§ TASK BRIEF:
Go to the line with "顾名思义,05式的最大特点就" in the entries below and write out every line from there through the line with "December 30, 2025|", exactly and without pictures.

§ EXCERPTED DATA:
····················

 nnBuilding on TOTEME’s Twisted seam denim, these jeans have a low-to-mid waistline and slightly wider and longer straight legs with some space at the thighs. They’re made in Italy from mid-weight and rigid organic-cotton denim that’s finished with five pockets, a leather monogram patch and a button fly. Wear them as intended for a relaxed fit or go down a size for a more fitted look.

····················

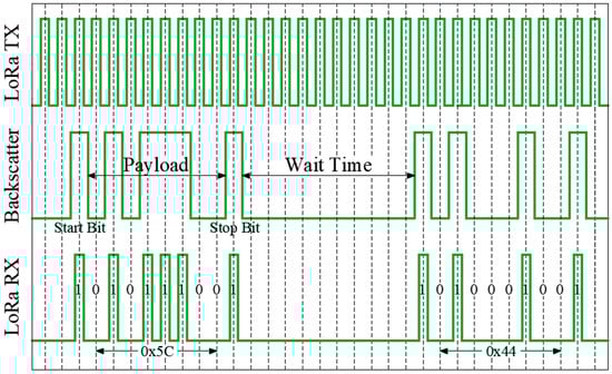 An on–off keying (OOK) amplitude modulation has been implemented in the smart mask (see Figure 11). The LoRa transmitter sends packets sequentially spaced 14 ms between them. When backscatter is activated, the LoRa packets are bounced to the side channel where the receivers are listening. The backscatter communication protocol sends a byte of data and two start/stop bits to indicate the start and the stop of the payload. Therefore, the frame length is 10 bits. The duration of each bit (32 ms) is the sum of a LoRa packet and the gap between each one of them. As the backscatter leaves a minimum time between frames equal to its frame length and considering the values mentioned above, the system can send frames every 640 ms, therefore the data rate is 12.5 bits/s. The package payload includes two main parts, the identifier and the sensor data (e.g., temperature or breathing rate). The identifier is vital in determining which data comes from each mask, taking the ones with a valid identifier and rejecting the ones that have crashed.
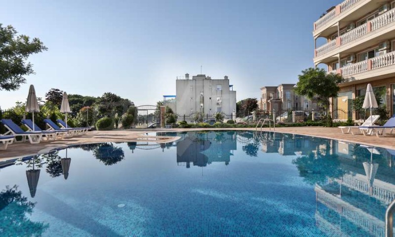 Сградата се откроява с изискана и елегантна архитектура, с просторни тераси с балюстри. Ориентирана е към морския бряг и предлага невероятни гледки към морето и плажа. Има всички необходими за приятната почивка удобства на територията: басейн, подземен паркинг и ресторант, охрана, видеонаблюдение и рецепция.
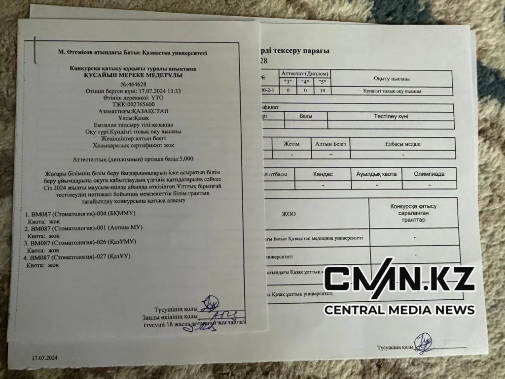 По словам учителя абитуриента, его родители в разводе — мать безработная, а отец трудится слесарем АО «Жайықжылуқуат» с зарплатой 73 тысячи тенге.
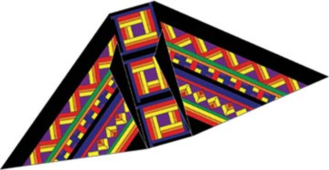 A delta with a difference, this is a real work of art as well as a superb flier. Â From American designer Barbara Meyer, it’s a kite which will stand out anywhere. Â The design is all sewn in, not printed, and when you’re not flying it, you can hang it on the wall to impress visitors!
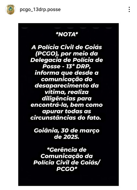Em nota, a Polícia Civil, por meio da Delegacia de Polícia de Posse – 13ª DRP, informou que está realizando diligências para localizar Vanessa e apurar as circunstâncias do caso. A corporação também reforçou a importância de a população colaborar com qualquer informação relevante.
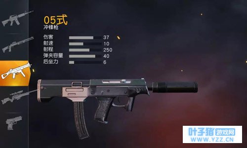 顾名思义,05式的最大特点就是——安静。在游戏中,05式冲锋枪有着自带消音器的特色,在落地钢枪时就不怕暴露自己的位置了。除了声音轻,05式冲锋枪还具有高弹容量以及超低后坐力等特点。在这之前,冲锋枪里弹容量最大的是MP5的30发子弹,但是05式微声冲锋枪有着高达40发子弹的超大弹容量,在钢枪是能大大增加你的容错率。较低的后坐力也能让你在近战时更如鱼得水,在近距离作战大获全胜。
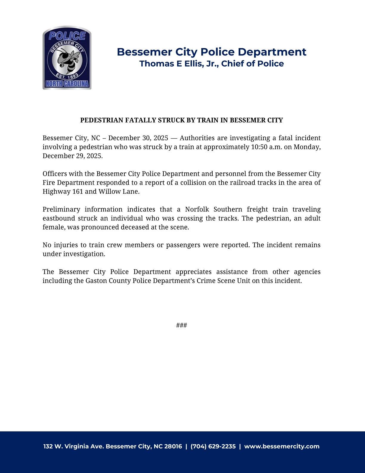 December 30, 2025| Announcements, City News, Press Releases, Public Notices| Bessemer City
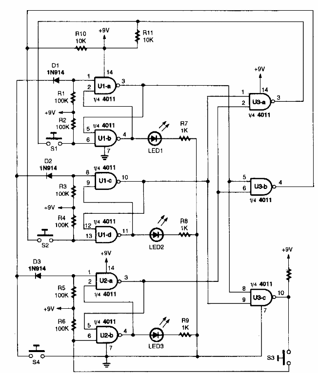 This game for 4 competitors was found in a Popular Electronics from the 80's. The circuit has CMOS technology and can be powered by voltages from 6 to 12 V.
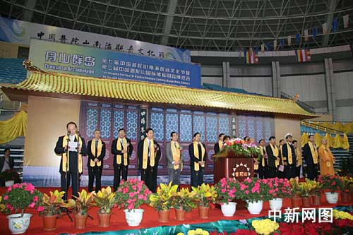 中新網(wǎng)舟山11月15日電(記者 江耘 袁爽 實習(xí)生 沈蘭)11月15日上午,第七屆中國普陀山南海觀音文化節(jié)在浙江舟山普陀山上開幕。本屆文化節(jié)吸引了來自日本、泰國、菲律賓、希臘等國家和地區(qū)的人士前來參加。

····················

§ SOLVED EXERCISE:
 顾名思义,05式的最大特点就是——安静。在游戏中,05式冲锋枪有着自带消音器的特色,在落地钢枪时就不怕暴露自己的位置了。除了声音轻,05式冲锋枪还具有高弹容量以及超低后坐力等特点。在这之前,冲锋枪里弹容量最大的是MP5的30发子弹,但是05式微声冲锋枪有着高达40发子弹的超大弹容量,在钢枪是能大大增加你的容错率。较低的后坐力也能让你在近战时更如鱼得水,在近距离作战大获全胜。
 December 30, 2025| Announcements, City News, Press Releases, Public Notices| Bessemer City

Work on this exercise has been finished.